Why buy an ad on Facebook when a company can create an interactive, multimedia Facebook page and engage directly with consumers or customers for free?  What display ad can do that?

I recently attended a social media conference that featured a sales executive from Facebook.  He gave a dazzling presentation on the power of Facebook – all of it impressive:

  • One billion photographs are uploaded to Facebook every month (2,000 pictures a second)
  • 300 million people visit Facebook every month
  • 70 million people regularly use Facebook every day – in just the United States
  • One million people sign up for Facebook every day

But when he got to the point of his presentation to show the impact of Facebook – he didn’t have any advertising examples.  It was all about what companies and organizations were doing with their free Facebook pages.  For example, he spent a lot of time talking about how Facebook became an integral communications platform for opponents of the Revolutionary Armed Forces of Colombia.  The opposition started with a single voice and grew into a movement of more than one million people – using Facebook as an online base of operations.

Impressive?  Heck, yes!

But unfortunately it has nothing to do with advertising.  Because the FARC opponents didn’t buy any Facebook ads.

And really why would they?  Why would anyone?  Because aren’t the free Facebook pages are supposed to replace traditional advertising?  Aren’t the advantages of social media all about engagement?  One-to-one interaction?  So why pay for old-fashioned display ads – on a place people come to get away from display ads?

And that’s a large part of the reason why Facebook remains an unprofitable business today.  The company is stuck in a conrundrum: they give away their premium services but want customers to pay for their basic, less effective service. That’s like a transportation company offering free door-to-door car service and asking for customers to pay for bus service.  Good luck with a business model like that.

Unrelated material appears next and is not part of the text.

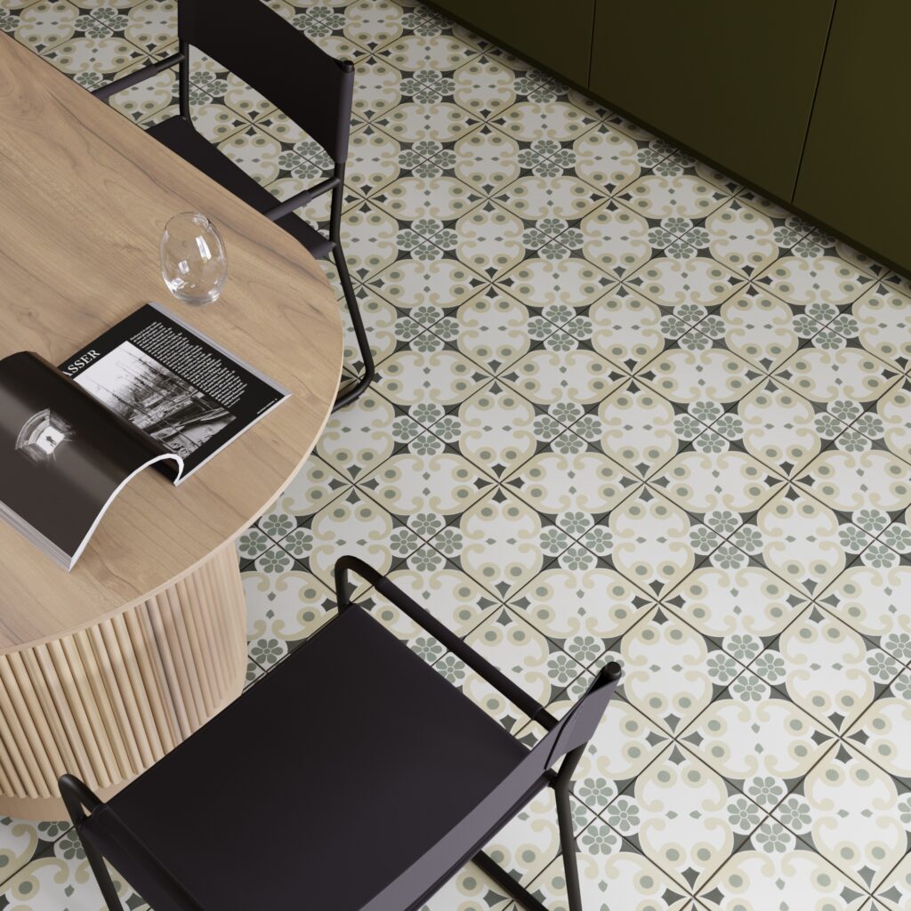 Praxisregel: Bei Musterfliesen und Vintage Optik lieber eine ruhige Fuge wählen. So wirkt das alte Musterdekor authentisch, die Fläche bleibt harmonisch und das Design bekommt genau die Wertigkeit, die Vintagefliesen ausmacht.

It’s not just Facebook that’s trapped in this quandry.  Twitter, FriendFeed, YouTube, MySpace and other social media companies are in similar situations.  For all intents and purposes, Twitter doesn’t even have a business model yet.  They don’t sell any advertising – nor do they have significant charges for any of its services to have any real impact on the bottomline (which if you haven’t guess is firmly in the red).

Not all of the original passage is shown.